▶ [Try it]: Could you print exactly the lines from the one that contains "This 2022 Diamond" to the end of the data, both ends included, and nothing else? Skip the pictures.

### Exercise material

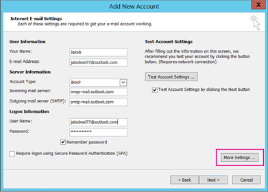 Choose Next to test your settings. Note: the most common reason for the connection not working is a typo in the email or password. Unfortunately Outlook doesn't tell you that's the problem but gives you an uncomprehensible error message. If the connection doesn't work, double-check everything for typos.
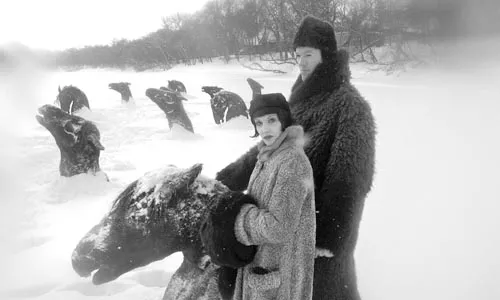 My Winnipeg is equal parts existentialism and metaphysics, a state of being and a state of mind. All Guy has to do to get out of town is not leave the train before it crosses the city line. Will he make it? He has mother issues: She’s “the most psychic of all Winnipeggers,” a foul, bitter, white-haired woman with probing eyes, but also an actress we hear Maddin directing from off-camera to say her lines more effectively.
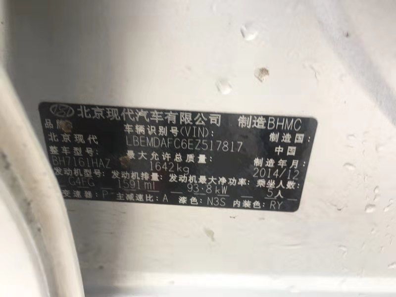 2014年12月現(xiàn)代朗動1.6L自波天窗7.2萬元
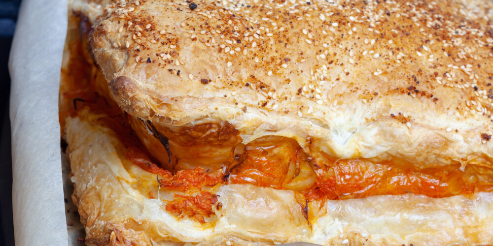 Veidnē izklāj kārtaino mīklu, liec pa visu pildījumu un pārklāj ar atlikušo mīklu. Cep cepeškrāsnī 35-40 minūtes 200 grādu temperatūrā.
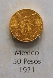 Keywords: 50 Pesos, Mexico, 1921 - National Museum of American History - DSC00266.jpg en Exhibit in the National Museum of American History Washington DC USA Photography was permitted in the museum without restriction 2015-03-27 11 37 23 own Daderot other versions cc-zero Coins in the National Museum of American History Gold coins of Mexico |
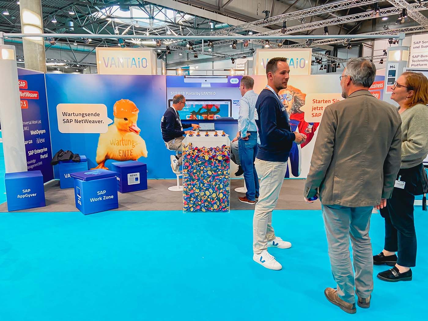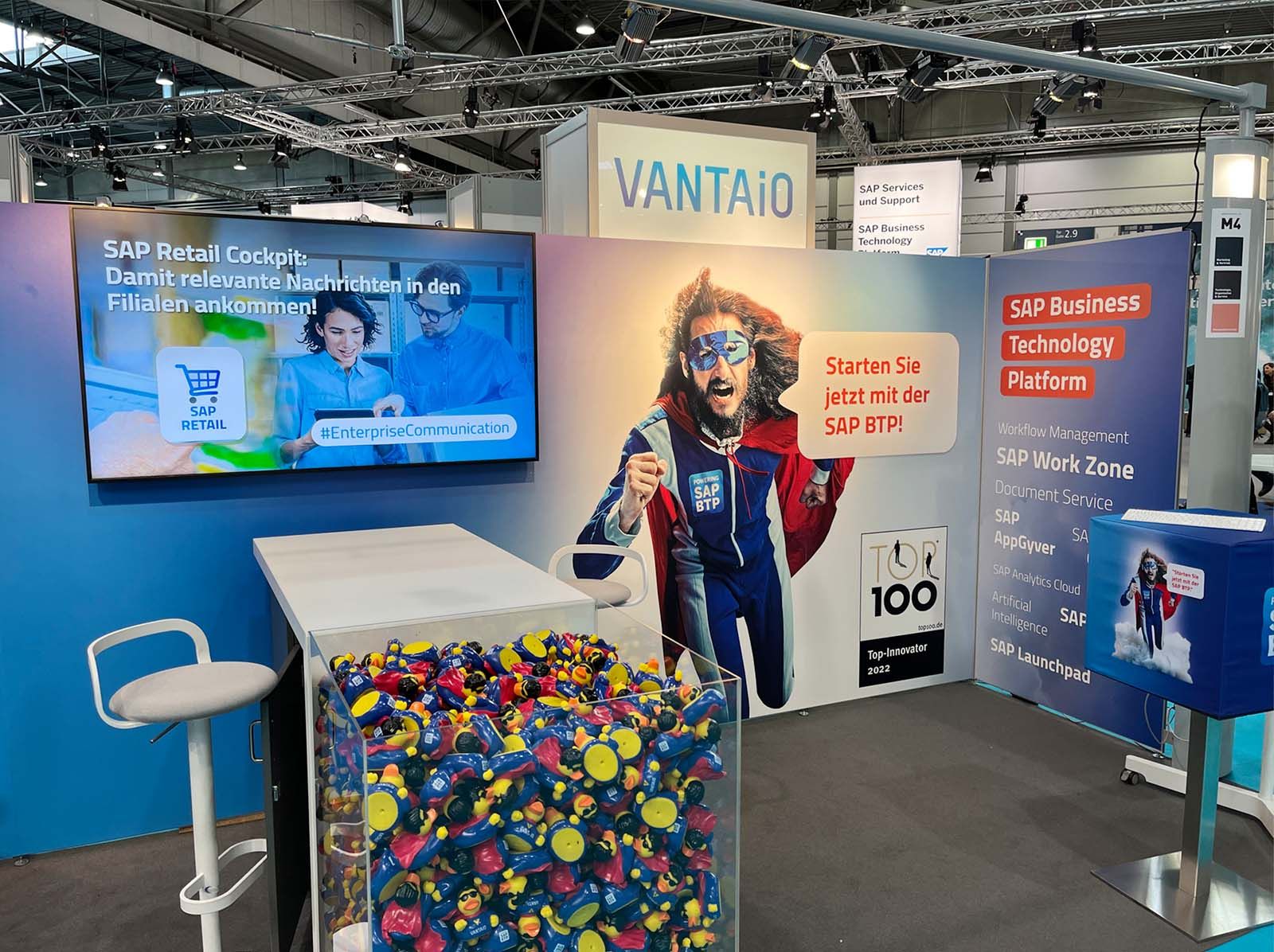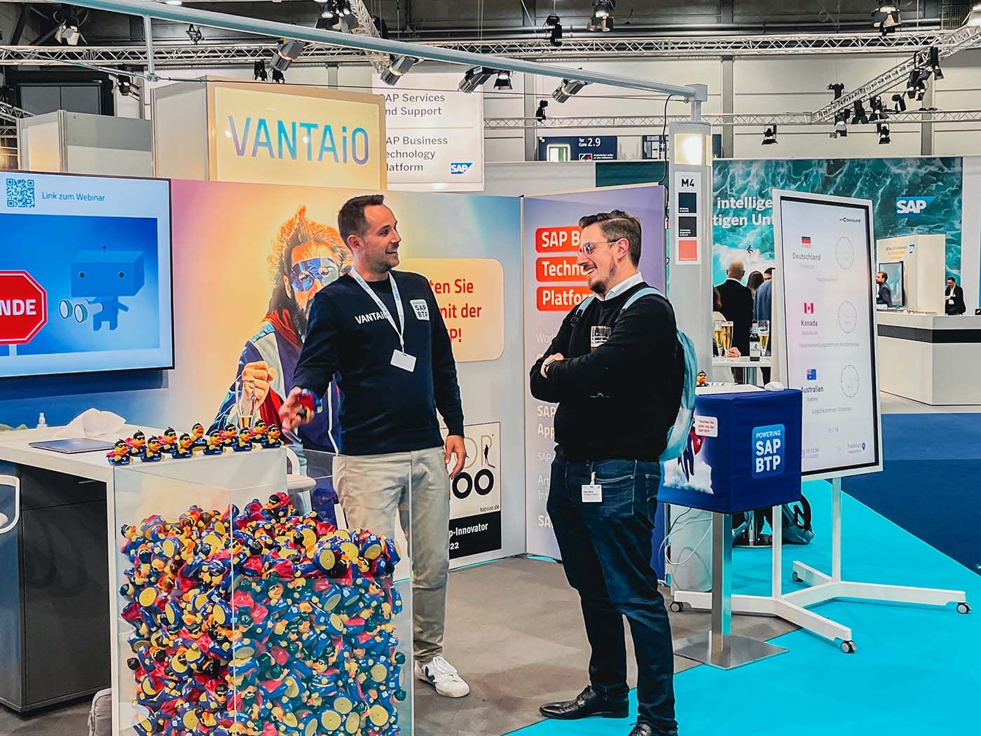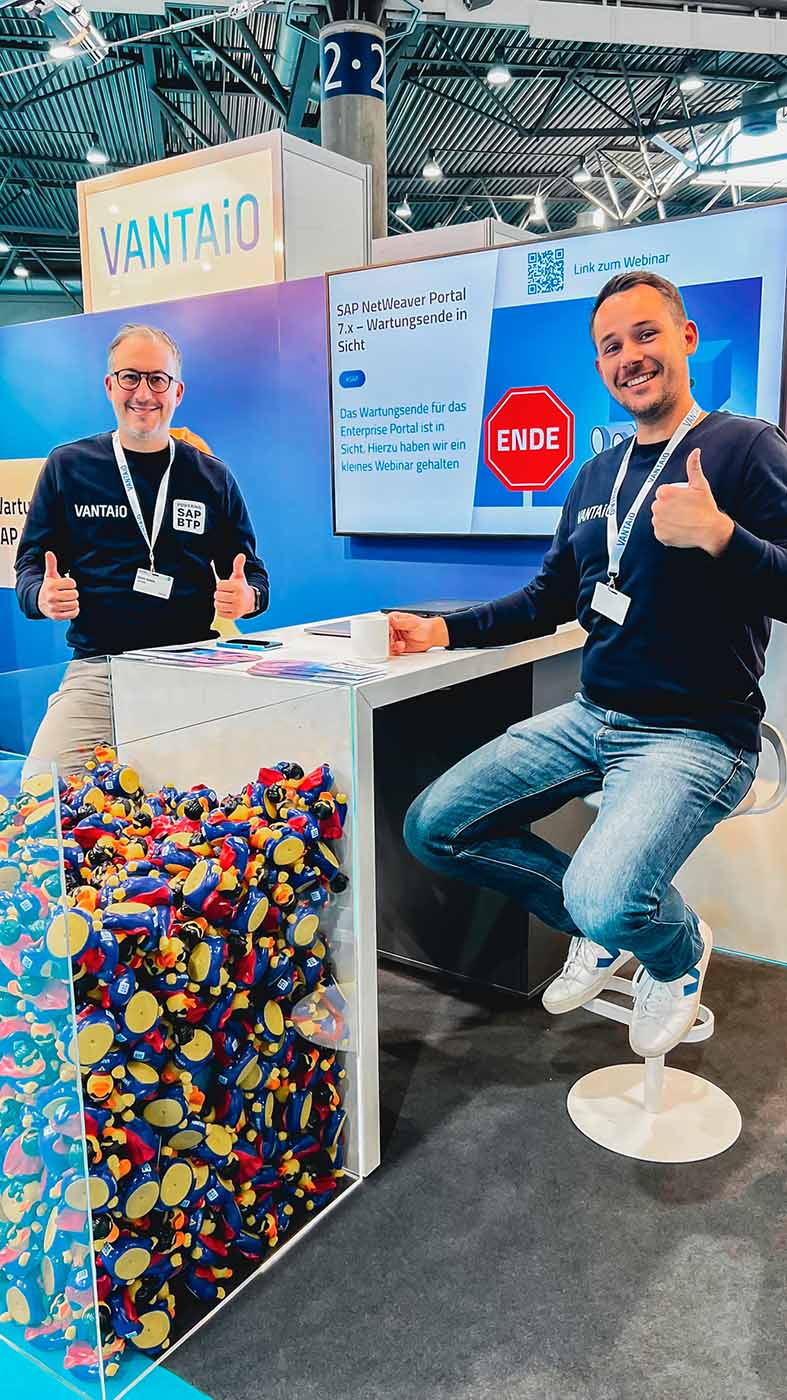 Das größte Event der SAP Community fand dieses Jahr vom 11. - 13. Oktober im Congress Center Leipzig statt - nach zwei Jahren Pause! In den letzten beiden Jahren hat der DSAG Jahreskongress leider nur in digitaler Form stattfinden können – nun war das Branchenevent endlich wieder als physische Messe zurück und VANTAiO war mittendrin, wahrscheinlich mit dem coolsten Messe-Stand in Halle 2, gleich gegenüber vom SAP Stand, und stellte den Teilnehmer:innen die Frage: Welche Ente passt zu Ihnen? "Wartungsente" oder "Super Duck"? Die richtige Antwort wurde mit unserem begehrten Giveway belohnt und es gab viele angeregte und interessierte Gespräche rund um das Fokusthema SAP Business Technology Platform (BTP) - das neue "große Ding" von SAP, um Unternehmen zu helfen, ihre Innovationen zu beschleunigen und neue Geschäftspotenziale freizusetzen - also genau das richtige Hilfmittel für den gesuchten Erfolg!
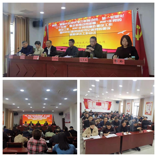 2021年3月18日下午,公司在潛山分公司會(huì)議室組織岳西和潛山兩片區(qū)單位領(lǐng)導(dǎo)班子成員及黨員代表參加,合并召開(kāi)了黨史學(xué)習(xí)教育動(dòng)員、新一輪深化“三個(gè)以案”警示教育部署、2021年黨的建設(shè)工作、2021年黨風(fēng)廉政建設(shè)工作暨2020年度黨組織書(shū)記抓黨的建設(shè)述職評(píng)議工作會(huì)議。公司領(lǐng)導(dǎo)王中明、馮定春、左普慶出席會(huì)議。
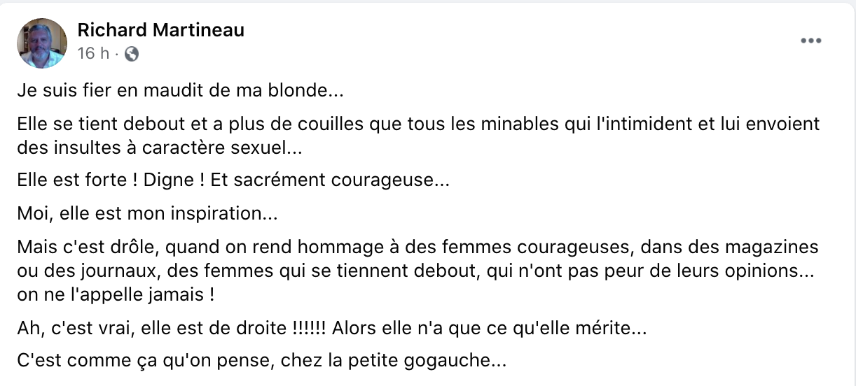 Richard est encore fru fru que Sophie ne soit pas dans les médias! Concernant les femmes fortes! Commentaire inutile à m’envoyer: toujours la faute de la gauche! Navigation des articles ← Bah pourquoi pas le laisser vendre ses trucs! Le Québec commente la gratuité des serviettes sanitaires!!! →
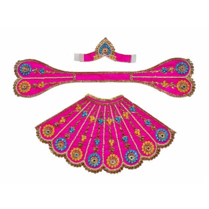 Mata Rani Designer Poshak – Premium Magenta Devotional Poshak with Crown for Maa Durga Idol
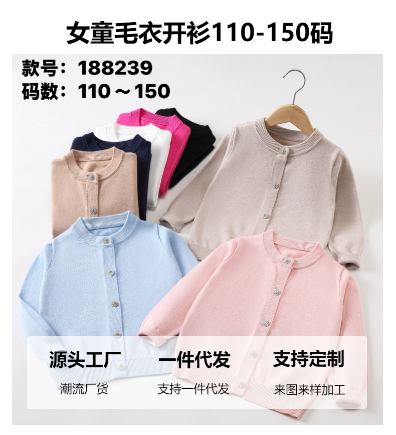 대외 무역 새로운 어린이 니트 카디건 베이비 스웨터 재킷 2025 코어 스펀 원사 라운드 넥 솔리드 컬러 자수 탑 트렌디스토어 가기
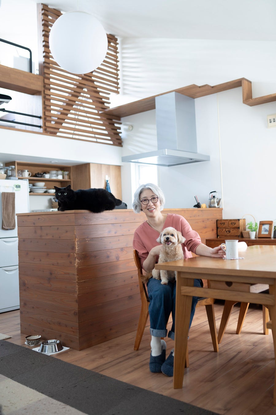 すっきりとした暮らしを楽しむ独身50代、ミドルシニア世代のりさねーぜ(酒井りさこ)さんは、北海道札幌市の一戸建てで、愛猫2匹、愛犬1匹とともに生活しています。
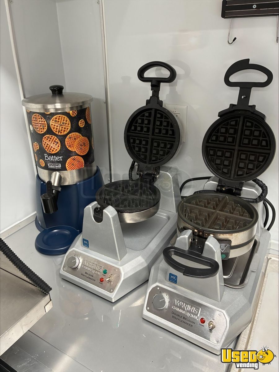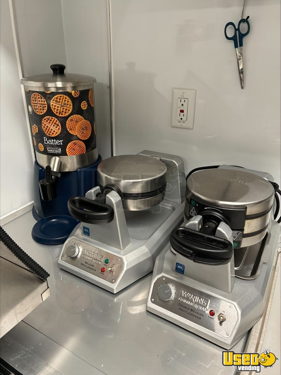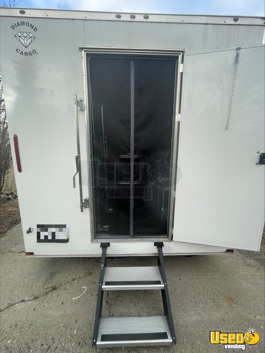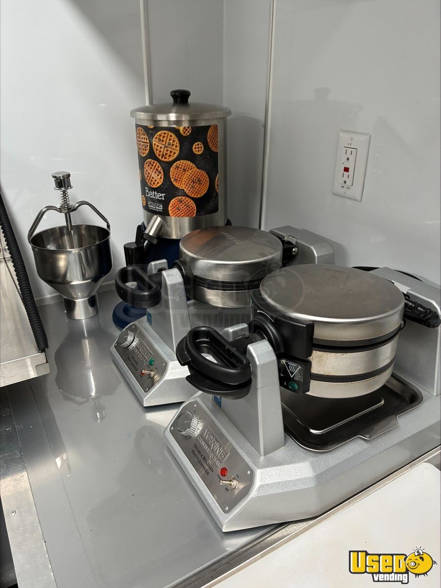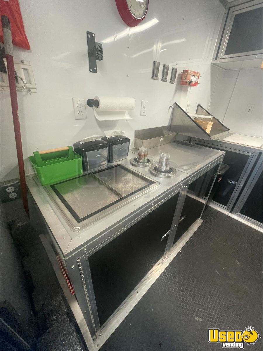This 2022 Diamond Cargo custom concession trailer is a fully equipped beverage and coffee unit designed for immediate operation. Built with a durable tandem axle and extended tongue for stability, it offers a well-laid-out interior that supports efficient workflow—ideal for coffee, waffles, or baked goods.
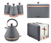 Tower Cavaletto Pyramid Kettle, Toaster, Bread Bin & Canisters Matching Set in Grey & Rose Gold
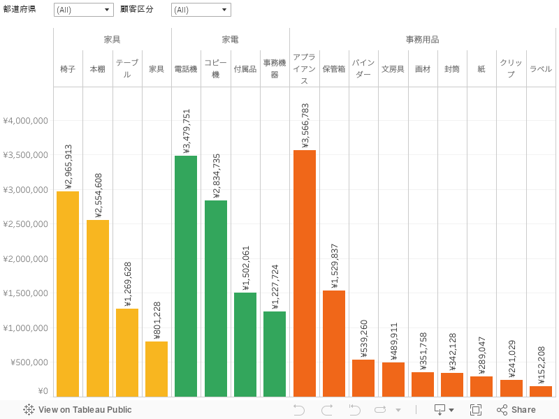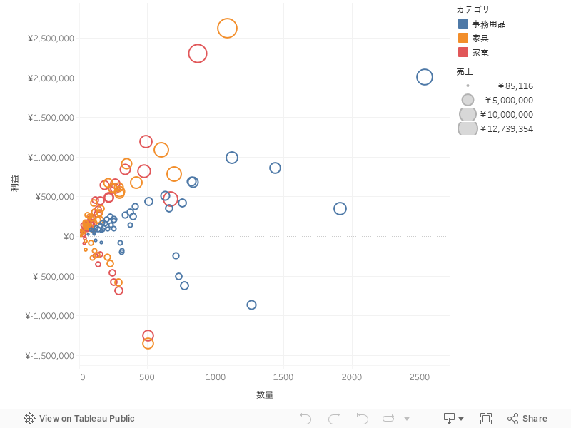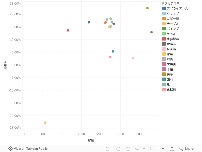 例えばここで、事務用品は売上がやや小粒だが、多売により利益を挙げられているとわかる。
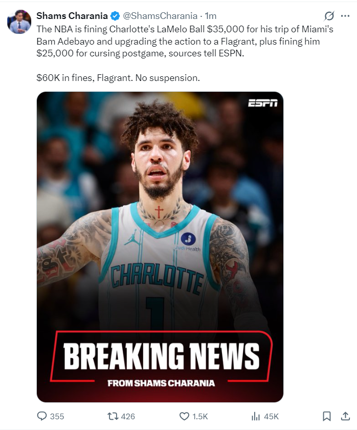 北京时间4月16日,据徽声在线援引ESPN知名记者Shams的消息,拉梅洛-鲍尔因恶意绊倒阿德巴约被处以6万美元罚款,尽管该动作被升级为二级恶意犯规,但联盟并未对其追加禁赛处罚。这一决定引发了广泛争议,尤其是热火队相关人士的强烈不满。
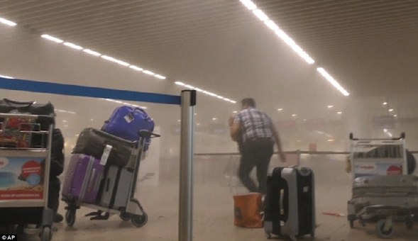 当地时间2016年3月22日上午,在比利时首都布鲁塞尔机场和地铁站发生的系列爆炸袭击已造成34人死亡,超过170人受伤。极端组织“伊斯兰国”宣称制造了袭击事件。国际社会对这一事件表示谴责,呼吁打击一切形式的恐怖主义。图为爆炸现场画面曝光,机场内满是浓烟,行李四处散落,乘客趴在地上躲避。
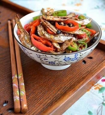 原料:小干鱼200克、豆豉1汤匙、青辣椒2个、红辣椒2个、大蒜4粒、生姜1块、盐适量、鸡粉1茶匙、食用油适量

######

▶ [Task answer]:
This 2022 Diamond Cargo custom concession trailer is a fully equipped beverage and coffee unit designed for immediate operation. Built with a durable tandem axle and extended tongue for stability, it offers a well-laid-out interior that supports efficient workflow—ideal for coffee, waffles, or baked goods.
 Tower Cavaletto Pyramid Kettle, Toaster, Bread Bin & Canisters Matching Set in Grey & Rose Gold
 例えばここで、事務用品は売上がやや小粒だが、多売により利益を挙げられているとわかる。
 北京时间4月16日,据徽声在线援引ESPN知名记者Shams的消息,拉梅洛-鲍尔因恶意绊倒阿德巴约被处以6万美元罚款,尽管该动作被升级为二级恶意犯规,但联盟并未对其追加禁赛处罚。这一决定引发了广泛争议,尤其是热火队相关人士的强烈不满。
 当地时间2016年3月22日上午,在比利时首都布鲁塞尔机场和地铁站发生的系列爆炸袭击已造成34人死亡,超过170人受伤。极端组织“伊斯兰国”宣称制造了袭击事件。国际社会对这一事件表示谴责,呼吁打击一切形式的恐怖主义。图为爆炸现场画面曝光,机场内满是浓烟,行李四处散落,乘客趴在地上躲避。
 原料:小干鱼200克、豆豉1汤匙、青辣椒2个、红辣椒2个、大蒜4粒、生姜1块、盐适量、鸡粉1茶匙、食用油适量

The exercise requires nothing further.